Writing (very entertainingly) in Commentary Magazine, Joseph Epstein begins his article, Writing on the Brain, in the following way:
I was recently asked what it takes to become a writer. Three things, I answered: first, one must cultivate incompetence at almost every other form of profitable work. This must be accompanied, second, by a haughty contempt for all the forms of work that one has established one cannot do. To these two must be joined, third, the nuttiness to believe that other people can be made to care about your opinions and views and be charmed by the way you state them. Incompetence, contempt, lunacy—once you have these in place, you are set to go.
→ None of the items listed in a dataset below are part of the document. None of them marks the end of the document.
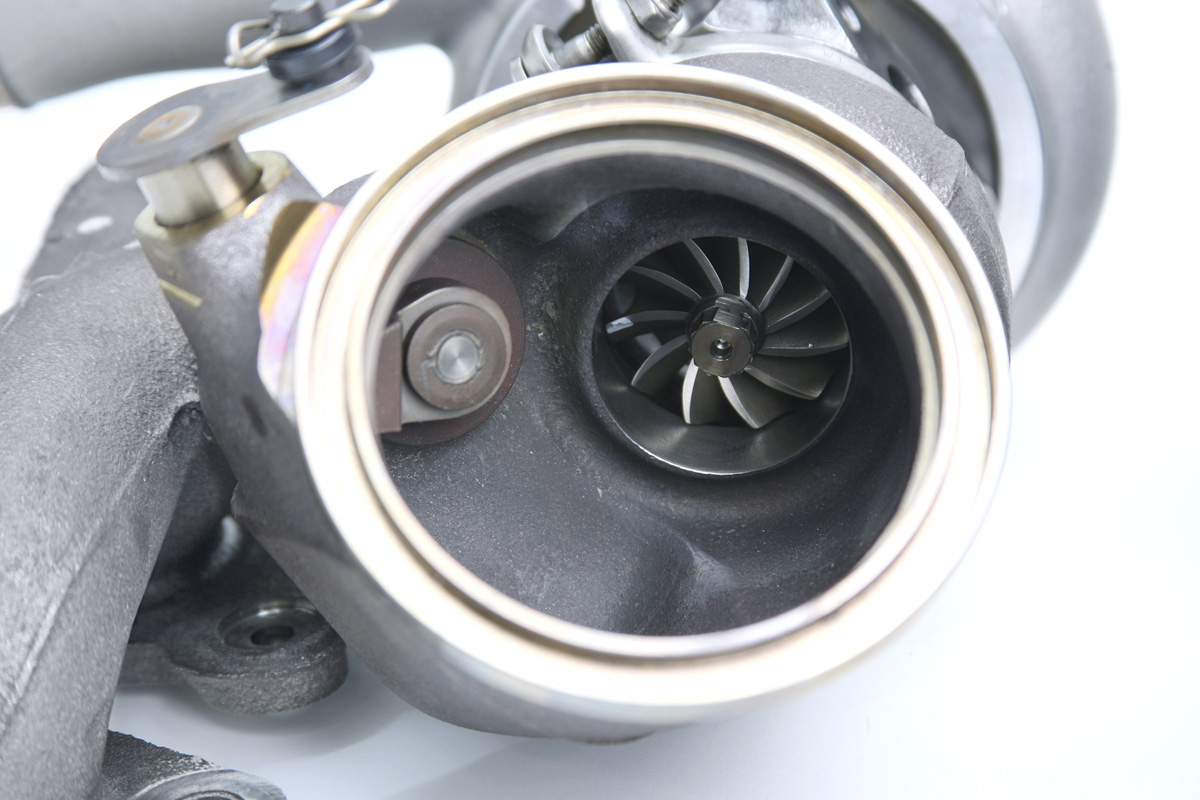 The TwinPower 3.0-liter inline-six engine is outfitted with a bespoke lightweight titanium exhaust system with 90 mm carbon tailpipes, larger downpipes, and no catalytic converters for reduced backpressure. Both of the turbochargers also got modified with new flow-optimized CNC-machined turbine and compressor housings, along with aerodynamic turbine housings.
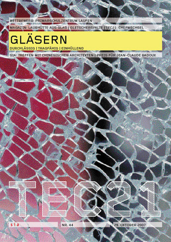 Mehr Glas als vermutet | Daniel Liebeskind: Laubhütte aus Glas | HdM: Gläserne Gletscherspalte | Wechsel in der Chefredaktion von TEC21 | Baufachfrauen in den Zürcher Zünften
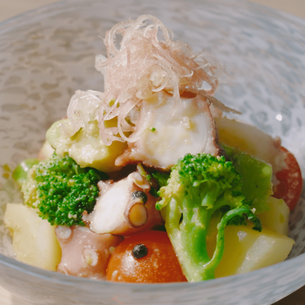 - じゃがいもとブロッコリーを入れたボールに、蛸、アボカド、トマトを入れて軽く混ぜる
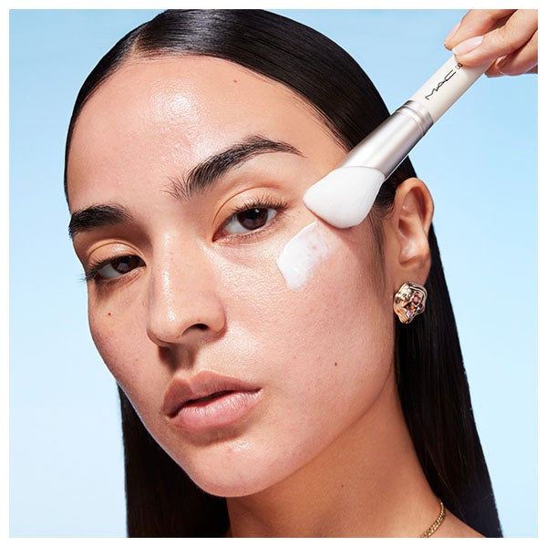 Melhore a aplicação do cuidado da sua pele com nosso primeiro pincel para cuidado da pele, projetado para aprimorar os rituais faciais da sua rotina diária. Desenvolvido em colaboração com os artistas da M-A-C, nosso pincel 001 Serum + Moisturizer Brush é especialmente projetado para aplicar o tratamento Hyper Real Skincare. O pincel inclinado em forma de cúpula possui cerdas macias, sedosas e densamente compactadas, feitas para abraçar a pele e proporcionar uma aplicação e absorção precisas. O pincel massageia suavemente as fórmulas de sérum, creme e bálsamo na pele sem puxar ou esticar, para obter uma tela perfeitamente preparada e pronta para a maquiagem. Também proporciona uma suave microesfoliação para um brilho naturalmente fresco e rosado.

And he concludes with these words:
Where do the words come from? The same mysterious place, I suspect, where notes of music go. They precede ideas, and are inseparable from them. For myself, I bow my head, touch wood, and utter a small prayer that the flow of them never cease.
Motivation, meanwhile, is as various as the subjects upon which one feels called upon to write, varying from time to time, subject to subject. I should like Dr. Flaherty to know that my two motives in writing this essay have been, first, to collect a decent fee, and, second, to try to knock down her book as an assemblage of profoundly muddled notions that I, given my calling, find mildly but genuinely offensive.
In between, he weilds three thousand words to do exactly what he set out to do: tear down Alice Flaherty's reductionistic explaining away of the creative process (Midnight Disease) and expose the fallacies of false ascendency of the neurosciences in its (and her) failed endeavor to dissect the writer's brain.
As I read this essay, my limbic system, particularly my amygdaloid nucleus, was pouring serotonin into the pathways to my higher cerebral integrative centers, producing the illusion of enjoyment and comprehension. Mr. Epstein, I think, would prefer me to just say "I enjoyed it". I think other writers will, too.